Counsel for the Taxpayers and the trustee at oral argument represented that the Taxpayers have regularly paid to the trustee the payments required by their Chapter 13 plan. Therefore, it appears to the court that not only does the plan provide for payment of the IRS claim but that the Taxpayers have been conscientious in conforming to the plan. Under these circumstances, the bankruptcy court's failure to lift the automatic stay seems entirely proper because the IRS is adequately protected. The court finds no compelling reason to put the government in any stronger *727 position than it already is with regard to its claim against the Taxpayers. Furthermore, the confirmation of the Chapter 13 plan "bind[s] the debtor and each creditor, ... whether or not such creditor has objected to, has accepted, or has rejected the plan." 11 U.S.C. § 1327(a).
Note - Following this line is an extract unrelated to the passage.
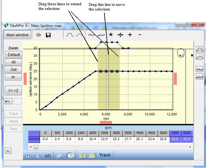 - - Selecting a range of rpm values over which you want to make a modification to the timing curve;
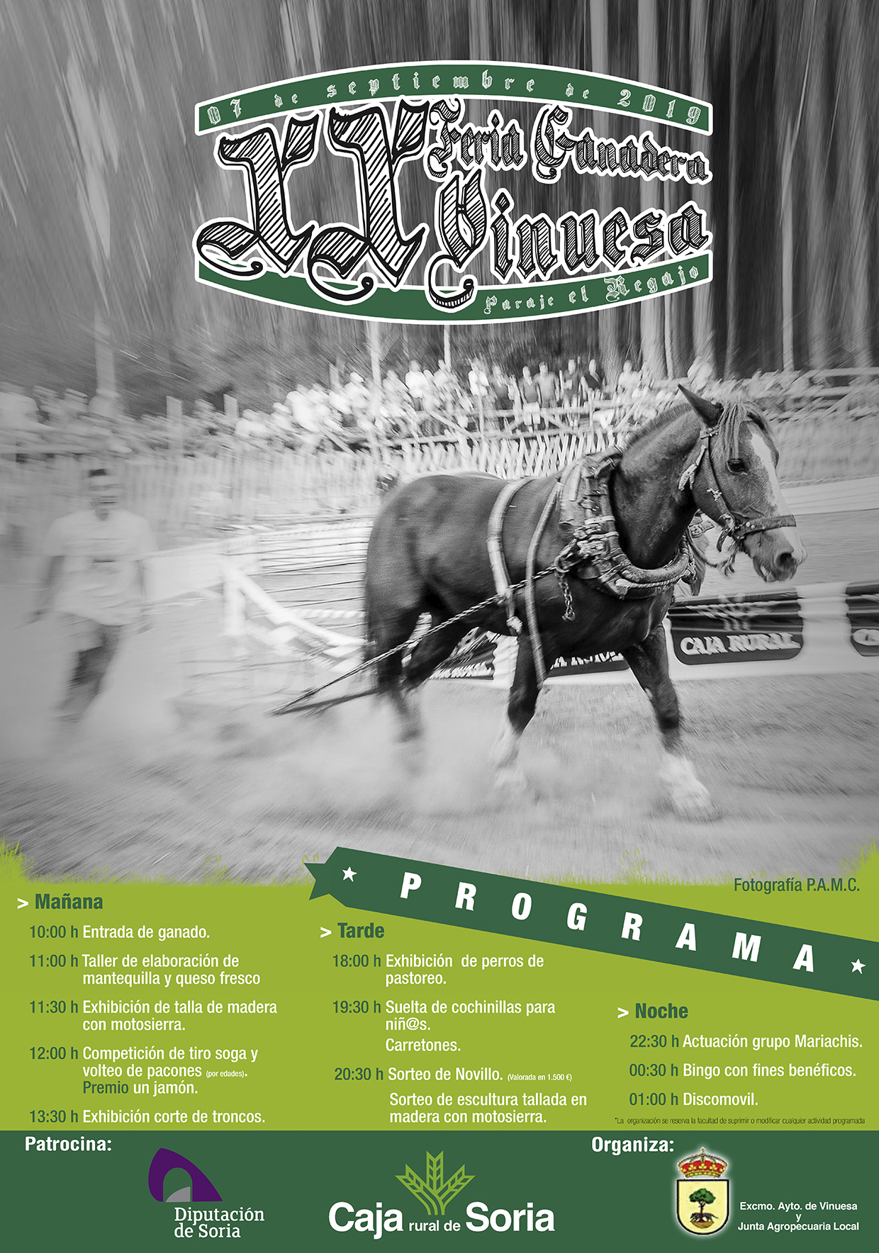 Uno de los eventos más representativos y con mayor acogida de nuestro pueblo, llega este sábado, dia 7 de Septiembre, al parsaje "El Regajo" alcanzando ya la XX edición, la Feria Ganadera. Comenzando a las 10.00h con la entrada de ganado, taller de mantequilla, exhibiciones de corte de tronco y tallaje de escultura con motosierra y a media mañana concurso de tira soga y volteo de pacones.

In sum, the court finds that the retention of the refund in a "suspense account" amounted to a setoff in violation of the automatic stay. Furthermore, because the government is adequately protected under the Taxpayers' Chapter 13 plan and will ultimately have its claim paid in full, this court affirms the bankruptcy court's refusal to lift the stay and its order directing the government to turn over to the Taxpayers their 1980 tax refund.

An appropriate Order shall this day issue.
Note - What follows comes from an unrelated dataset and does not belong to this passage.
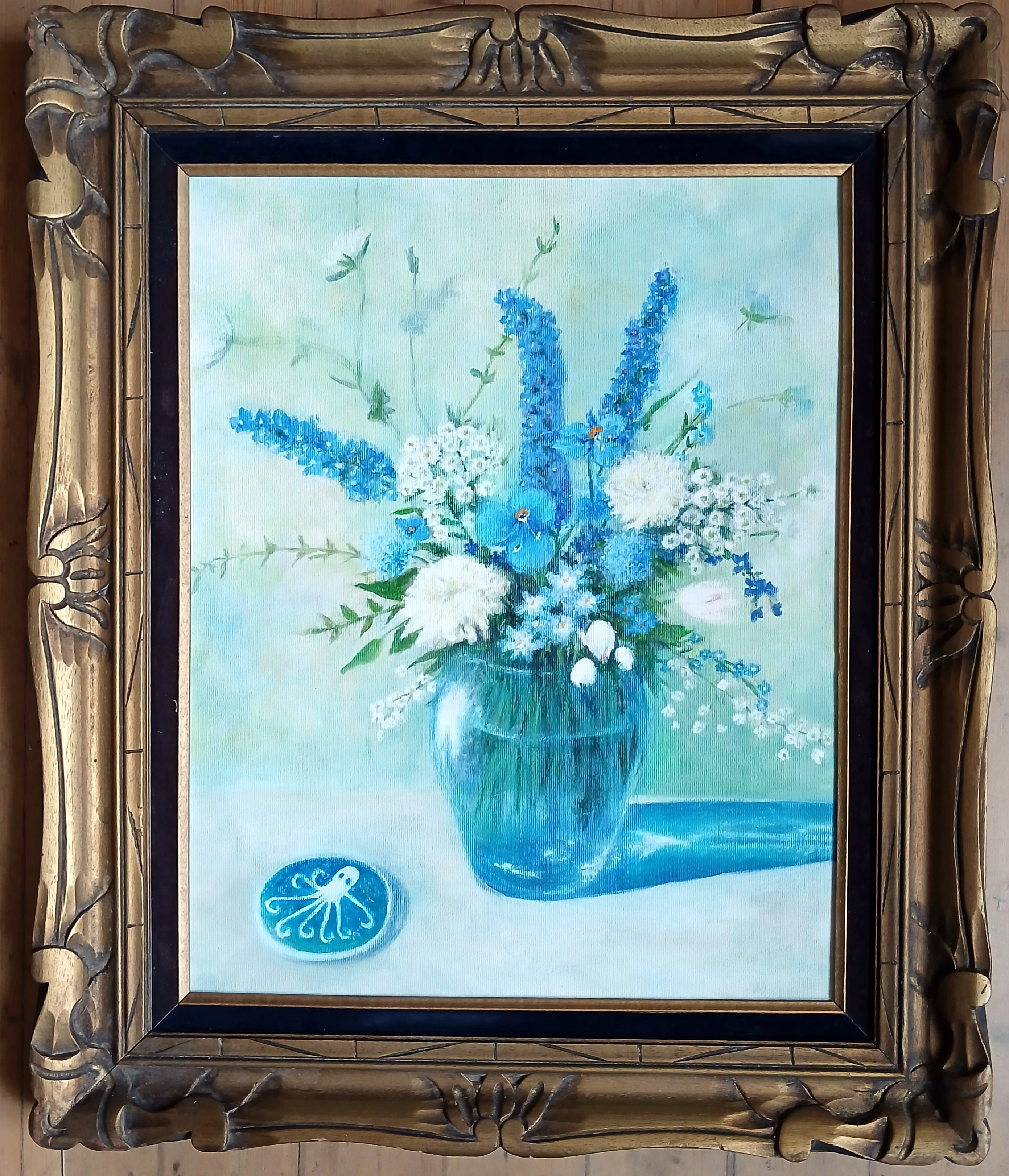 Jag håller på med en serie med blomstermålningar. Min senaste målning är en blomstermålning i akryl med en blåvit bukett.
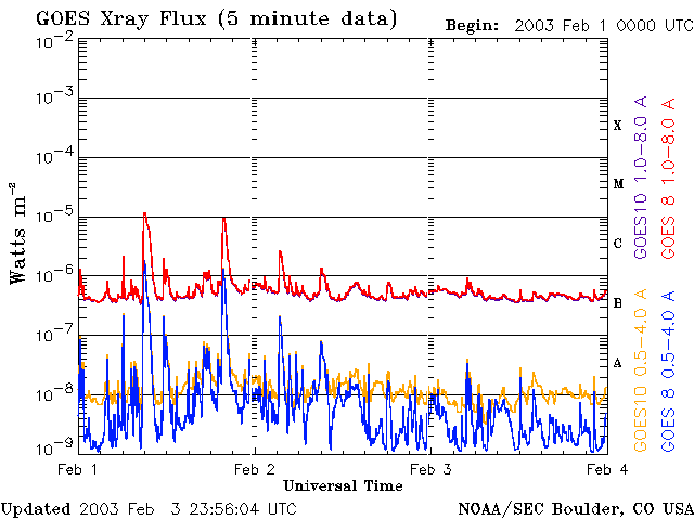 De operationele data in de bovenstaande grafiek werd aangepast om de schaalfactor te verwijderen die werd toegepast door het Space Weather Prediction Center (SWPC). Vanwege de SWPC-schaalfactor in de operationele data werden de zonnevlammen 42% kleiner gerapporteerd dan deze in de wetenschappelijke data. De schaalfactor werd ook verwijderd uit de lijst met zonnevlammen om de werkelijke fysieke eenheden weer te geven.

[1] The Bankruptcy Code gives a sixth order priority to:

allowed unsecured claims of governmental units, to the extent such claims are for a tax on or measured by income or gross receipts for a taxable year ending on or before the date of the filing of the petition for which a return, if required, is last due ...
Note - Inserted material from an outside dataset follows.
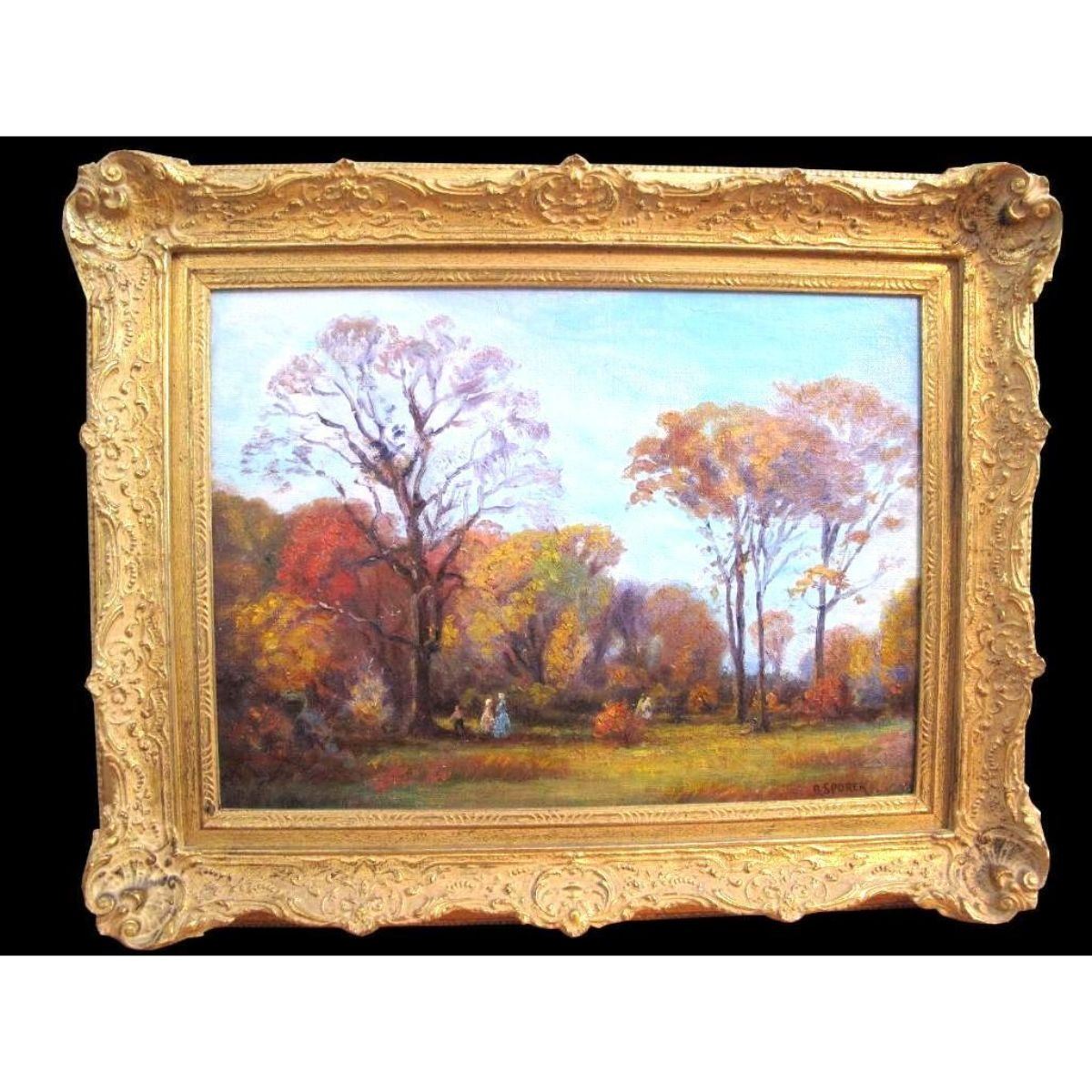 Early 1900's oil painting, "Autumn" signed Bartholomew Sporer, lower right-hand corner, with notations verso, indicating that the artist died in 1928. Measures approx 11" X 15"1, the outer dimensions of frame approx 19 3/4" X 15 3/4." Â

11 U.S.C. § 507(a) (6) (A) (i).

[2] The government calculated that the retained amount of $1,681.96 includes the pro rata share of the Taxpayers' 1980 pre-petition refund offset against the 1979 liability. The Taxpayers filed their Chapter 13 petition on October 30, 1980; October 30 was the 304th day of the year. Thus, 304/366ths of the Taxpayers' refund was due them by October 30, 1980. This amount is property of the estate, see 11 U.S.C. § 541, and is the amount the IRS has retained in its "suspense account".

[3] Section 553 provides in pertinent part:

[T]his title does not affect any right of a creditor to offset a mutual debt owing by such creditor to the debtor that arose before the commencement of the case under this title against a claim of such creditor against the debtor that arose before the commencement of the case ...

[4] Section 362(a) (7) provides that the filing of a petition operates as a stay of

the setoff of any debt owing to the debtor that arose before the commencement of the case under this title against any claim against the debtor; ...

[5] One means suggested in 11 U.S.C. § 361 for providing adequate protection to the creditor is "requiring the trustee to make periodic cash payments" to the creditor. See id. § 361(1).